WHAT IS EXPECTED: Copy out each line of the data that includes the string "система".

Stored dataset items:

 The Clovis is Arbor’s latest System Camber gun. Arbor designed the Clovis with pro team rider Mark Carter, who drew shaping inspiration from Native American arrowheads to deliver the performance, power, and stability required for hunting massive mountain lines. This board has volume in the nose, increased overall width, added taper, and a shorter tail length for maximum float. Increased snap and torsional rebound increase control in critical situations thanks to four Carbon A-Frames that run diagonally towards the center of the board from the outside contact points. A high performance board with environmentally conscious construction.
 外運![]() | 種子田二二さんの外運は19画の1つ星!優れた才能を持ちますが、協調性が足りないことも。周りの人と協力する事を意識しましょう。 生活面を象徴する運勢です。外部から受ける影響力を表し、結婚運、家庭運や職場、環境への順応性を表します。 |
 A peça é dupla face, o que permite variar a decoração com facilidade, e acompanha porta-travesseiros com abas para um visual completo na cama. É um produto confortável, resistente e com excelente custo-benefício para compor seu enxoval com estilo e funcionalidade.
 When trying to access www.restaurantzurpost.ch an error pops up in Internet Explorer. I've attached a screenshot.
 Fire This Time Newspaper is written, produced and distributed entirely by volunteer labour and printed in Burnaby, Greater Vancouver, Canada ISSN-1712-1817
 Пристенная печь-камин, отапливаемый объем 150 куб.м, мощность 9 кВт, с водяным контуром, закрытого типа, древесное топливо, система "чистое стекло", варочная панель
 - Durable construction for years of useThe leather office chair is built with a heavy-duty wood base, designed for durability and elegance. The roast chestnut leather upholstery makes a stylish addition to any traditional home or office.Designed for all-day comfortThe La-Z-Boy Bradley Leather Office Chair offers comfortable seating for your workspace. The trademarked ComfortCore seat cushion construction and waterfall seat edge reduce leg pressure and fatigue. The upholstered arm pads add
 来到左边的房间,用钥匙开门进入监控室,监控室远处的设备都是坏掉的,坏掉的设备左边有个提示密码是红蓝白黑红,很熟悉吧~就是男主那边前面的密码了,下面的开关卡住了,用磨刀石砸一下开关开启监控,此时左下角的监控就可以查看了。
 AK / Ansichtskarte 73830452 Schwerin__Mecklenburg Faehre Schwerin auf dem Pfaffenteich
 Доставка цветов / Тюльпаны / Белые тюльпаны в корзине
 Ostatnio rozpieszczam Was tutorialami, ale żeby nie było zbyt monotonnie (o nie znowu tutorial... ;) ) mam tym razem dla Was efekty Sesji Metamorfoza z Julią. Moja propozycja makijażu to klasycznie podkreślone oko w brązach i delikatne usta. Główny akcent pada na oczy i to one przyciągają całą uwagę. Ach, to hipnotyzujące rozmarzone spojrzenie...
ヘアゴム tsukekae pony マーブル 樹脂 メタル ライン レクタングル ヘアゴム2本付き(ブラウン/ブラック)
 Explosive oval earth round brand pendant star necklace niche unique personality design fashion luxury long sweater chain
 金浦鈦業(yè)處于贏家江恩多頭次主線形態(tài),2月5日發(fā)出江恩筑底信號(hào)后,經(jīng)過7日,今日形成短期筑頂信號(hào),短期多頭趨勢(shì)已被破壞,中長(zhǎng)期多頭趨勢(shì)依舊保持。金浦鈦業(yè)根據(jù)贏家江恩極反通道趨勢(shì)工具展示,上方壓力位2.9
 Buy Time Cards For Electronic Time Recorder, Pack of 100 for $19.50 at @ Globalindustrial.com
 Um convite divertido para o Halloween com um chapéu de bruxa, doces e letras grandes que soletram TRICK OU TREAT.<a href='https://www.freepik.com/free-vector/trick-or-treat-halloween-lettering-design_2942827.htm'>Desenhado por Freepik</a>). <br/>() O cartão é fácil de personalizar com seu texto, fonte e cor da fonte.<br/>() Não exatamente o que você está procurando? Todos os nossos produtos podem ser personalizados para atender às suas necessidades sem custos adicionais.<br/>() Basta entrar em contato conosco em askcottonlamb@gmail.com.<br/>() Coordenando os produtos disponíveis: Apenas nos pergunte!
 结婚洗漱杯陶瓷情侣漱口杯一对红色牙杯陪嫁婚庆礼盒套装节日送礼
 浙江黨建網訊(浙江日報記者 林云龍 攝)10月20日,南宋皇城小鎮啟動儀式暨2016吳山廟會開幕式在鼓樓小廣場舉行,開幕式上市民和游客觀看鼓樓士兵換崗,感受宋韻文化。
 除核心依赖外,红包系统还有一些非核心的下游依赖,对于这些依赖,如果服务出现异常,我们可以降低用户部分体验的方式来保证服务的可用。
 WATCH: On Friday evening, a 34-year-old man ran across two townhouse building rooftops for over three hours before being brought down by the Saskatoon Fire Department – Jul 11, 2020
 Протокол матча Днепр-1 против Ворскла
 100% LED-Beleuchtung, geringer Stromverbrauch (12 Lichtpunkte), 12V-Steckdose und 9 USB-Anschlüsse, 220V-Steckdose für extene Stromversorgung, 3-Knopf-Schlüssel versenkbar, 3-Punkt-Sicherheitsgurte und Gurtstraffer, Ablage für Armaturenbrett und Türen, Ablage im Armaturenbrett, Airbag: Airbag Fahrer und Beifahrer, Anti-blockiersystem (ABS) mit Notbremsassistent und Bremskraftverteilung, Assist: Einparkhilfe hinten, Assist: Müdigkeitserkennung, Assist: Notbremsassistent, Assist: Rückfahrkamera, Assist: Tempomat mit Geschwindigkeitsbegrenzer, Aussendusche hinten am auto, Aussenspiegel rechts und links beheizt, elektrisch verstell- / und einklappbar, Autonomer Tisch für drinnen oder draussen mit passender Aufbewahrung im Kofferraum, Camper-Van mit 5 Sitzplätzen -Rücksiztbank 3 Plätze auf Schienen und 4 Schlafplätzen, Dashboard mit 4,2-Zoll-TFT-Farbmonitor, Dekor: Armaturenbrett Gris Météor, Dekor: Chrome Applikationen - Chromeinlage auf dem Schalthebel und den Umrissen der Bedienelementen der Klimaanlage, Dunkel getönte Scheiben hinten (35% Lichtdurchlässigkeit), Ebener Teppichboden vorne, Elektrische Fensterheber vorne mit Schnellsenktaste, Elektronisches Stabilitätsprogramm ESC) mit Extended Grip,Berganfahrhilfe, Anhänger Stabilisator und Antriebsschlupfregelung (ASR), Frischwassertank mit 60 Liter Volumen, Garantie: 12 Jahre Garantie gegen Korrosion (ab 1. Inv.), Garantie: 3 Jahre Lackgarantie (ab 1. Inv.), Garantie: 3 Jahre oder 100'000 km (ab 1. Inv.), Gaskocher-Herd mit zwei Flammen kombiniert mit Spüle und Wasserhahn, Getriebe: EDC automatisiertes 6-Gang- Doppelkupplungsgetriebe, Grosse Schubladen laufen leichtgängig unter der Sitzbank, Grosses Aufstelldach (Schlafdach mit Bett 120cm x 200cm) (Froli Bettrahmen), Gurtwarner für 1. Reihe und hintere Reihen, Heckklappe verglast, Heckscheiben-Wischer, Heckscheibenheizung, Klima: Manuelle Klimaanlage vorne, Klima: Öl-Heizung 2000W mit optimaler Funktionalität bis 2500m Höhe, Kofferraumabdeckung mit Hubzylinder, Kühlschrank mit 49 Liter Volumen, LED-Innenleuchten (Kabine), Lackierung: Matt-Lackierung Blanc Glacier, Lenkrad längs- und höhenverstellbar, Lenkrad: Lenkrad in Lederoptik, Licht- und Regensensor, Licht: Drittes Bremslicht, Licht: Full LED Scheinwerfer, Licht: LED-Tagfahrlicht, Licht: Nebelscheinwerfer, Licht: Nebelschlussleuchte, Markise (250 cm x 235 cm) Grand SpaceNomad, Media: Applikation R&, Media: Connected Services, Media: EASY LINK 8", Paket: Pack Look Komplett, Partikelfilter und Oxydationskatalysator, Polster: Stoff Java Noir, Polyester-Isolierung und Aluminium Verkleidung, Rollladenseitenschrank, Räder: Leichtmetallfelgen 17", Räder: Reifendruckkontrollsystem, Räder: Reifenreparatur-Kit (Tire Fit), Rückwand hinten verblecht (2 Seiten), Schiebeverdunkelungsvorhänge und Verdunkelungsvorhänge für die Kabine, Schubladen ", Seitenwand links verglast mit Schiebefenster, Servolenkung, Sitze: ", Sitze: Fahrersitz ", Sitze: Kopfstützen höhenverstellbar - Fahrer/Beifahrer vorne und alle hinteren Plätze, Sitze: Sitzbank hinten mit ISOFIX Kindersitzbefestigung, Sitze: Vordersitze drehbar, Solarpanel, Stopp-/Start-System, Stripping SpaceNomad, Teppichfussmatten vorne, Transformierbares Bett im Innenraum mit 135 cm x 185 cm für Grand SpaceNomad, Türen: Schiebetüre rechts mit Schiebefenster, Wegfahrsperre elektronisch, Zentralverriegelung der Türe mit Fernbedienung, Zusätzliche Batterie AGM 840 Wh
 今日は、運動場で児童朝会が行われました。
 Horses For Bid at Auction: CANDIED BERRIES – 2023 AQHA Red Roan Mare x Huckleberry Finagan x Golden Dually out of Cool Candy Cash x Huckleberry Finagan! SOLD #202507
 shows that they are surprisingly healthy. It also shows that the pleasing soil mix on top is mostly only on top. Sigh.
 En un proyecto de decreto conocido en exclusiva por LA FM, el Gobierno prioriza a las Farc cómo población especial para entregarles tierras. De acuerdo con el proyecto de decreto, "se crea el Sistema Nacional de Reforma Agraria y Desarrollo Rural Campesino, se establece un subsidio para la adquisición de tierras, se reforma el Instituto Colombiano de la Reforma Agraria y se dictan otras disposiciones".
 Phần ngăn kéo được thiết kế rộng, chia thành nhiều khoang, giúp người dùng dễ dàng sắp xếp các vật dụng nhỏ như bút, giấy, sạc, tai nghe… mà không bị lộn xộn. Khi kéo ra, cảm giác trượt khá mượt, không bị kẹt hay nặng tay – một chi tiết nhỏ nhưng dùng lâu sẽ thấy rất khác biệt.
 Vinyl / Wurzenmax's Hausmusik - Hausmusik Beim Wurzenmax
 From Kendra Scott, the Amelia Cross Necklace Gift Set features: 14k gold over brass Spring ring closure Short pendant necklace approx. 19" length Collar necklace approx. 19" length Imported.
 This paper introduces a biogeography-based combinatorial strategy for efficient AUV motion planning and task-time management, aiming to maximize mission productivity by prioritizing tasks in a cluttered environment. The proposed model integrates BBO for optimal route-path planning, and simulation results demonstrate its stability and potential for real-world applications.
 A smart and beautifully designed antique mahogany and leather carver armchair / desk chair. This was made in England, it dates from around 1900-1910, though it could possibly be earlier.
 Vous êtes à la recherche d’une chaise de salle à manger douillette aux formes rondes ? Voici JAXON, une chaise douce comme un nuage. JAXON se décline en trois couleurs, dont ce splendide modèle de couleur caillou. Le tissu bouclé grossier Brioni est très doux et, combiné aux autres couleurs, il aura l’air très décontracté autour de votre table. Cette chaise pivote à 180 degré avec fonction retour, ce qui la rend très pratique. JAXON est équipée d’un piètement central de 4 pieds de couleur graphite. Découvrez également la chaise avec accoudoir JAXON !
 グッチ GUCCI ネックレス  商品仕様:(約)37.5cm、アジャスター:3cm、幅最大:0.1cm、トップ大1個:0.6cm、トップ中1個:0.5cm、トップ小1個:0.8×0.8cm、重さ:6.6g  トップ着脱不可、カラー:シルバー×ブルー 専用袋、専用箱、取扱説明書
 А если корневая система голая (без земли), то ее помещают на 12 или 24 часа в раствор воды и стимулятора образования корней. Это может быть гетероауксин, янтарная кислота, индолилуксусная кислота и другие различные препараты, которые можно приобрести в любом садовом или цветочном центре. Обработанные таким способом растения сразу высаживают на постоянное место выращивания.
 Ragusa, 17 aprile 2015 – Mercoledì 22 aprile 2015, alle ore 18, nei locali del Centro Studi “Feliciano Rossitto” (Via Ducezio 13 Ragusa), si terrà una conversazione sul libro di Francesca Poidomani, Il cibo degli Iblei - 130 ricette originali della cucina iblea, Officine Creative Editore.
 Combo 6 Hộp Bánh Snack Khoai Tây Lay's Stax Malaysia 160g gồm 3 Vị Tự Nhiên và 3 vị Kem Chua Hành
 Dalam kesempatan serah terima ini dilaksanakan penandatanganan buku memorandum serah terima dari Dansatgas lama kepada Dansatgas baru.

ANSWER TO THIS TASK:
 Пристенная печь-камин, отапливаемый объем 150 куб.м, мощность 9 кВт, с водяным контуром, закрытого типа, древесное топливо, система "чистое стекло", варочная панель
 А если корневая система голая (без земли), то ее помещают на 12 или 24 часа в раствор воды и стимулятора образования корней. Это может быть гетероауксин, янтарная кислота, индолилуксусная кислота и другие различные препараты, которые можно приобрести в любом садовом или цветочном центре. Обработанные таким способом растения сразу высаживают на постоянное место выращивания.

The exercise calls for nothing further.